After years of wear, the ripped netting that surrounds Houston’s largest wastewater treatment facility allows hundreds of birds each month to fly to grisly deaths inside sewage mixers, centrifuges and high-temperature dryers that stretch four-stories high.
The city hopes a simple upgrade will help.
City Council on Wednesday agreed to spend $85,285 to replace the netting and vinyl doors that enclose the otherwise open-air sewage refinery at the edge of Denver Harbor, on Houston’s east side.
During an afternoon walk-through, assistant operations manager Pedro Munive spotted what appeared to be a pigeon beak-down on a sheet of corrugated metal.
“That one there is pretty fresh,” he said.
A few paces away, a spray of white and gray feathers.
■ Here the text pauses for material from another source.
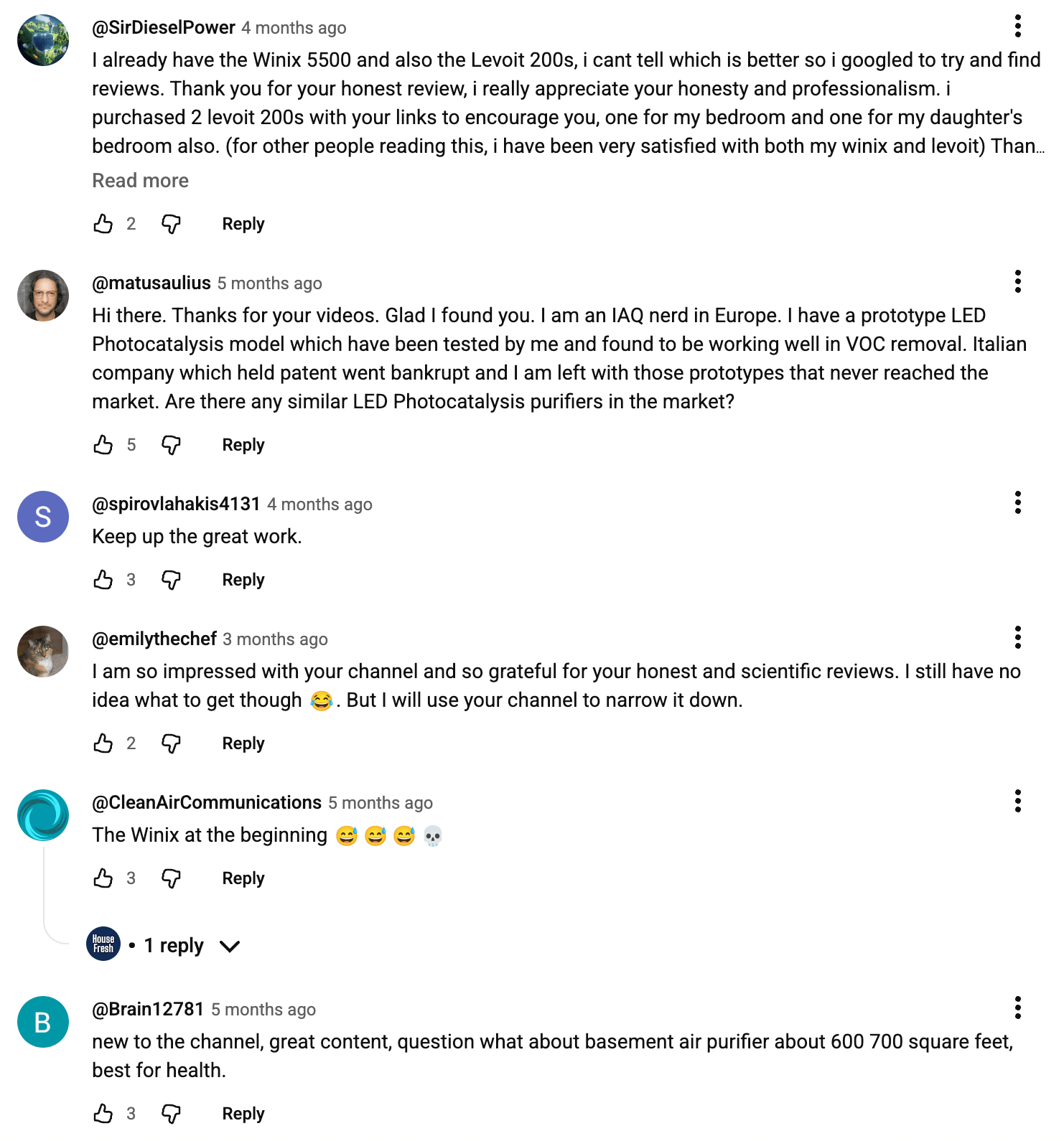 With YouTube, the first comment was negative, but even that was feedback. I’ve learned a lot about air purifier technology from the comments, especially the more technical aspects that are hard to learn from the web. There are incredibly knowledgeable people on YouTube writing detailed replies and explaining things.

“Got caught up in one of the centrifuges?” Munive said. “It’s hard to say.”
The 69th Street Wastewater Treatment Plant is the largest of Houston’s 39 wastewater facilities and receives most of the city’s sewage. After separating the solids from the liquid, the city sends the sludge, as it’s called, to a 35,000-square-foot building where it’s converted into fertilizer to be sold.
Sometimes, Munive said, the birds pick at the sludge as it travels along a conveyer belt to one of the plant’s many mixers. If they enter a mixer with the sludge, they suffocate or get chopped up by the mixer’s blade. Other times, they’rejusta nuisance, pooping on the concrete floor and workers’ hard hats. In the worst-case scenario, a fried bird could damage plant equipment.
Day-to-day, though, the new netting is mostly about the birds.
“It wouldn’t change my life,” Munive said. “It would change the birds’ lives. Because they won’t be dead.”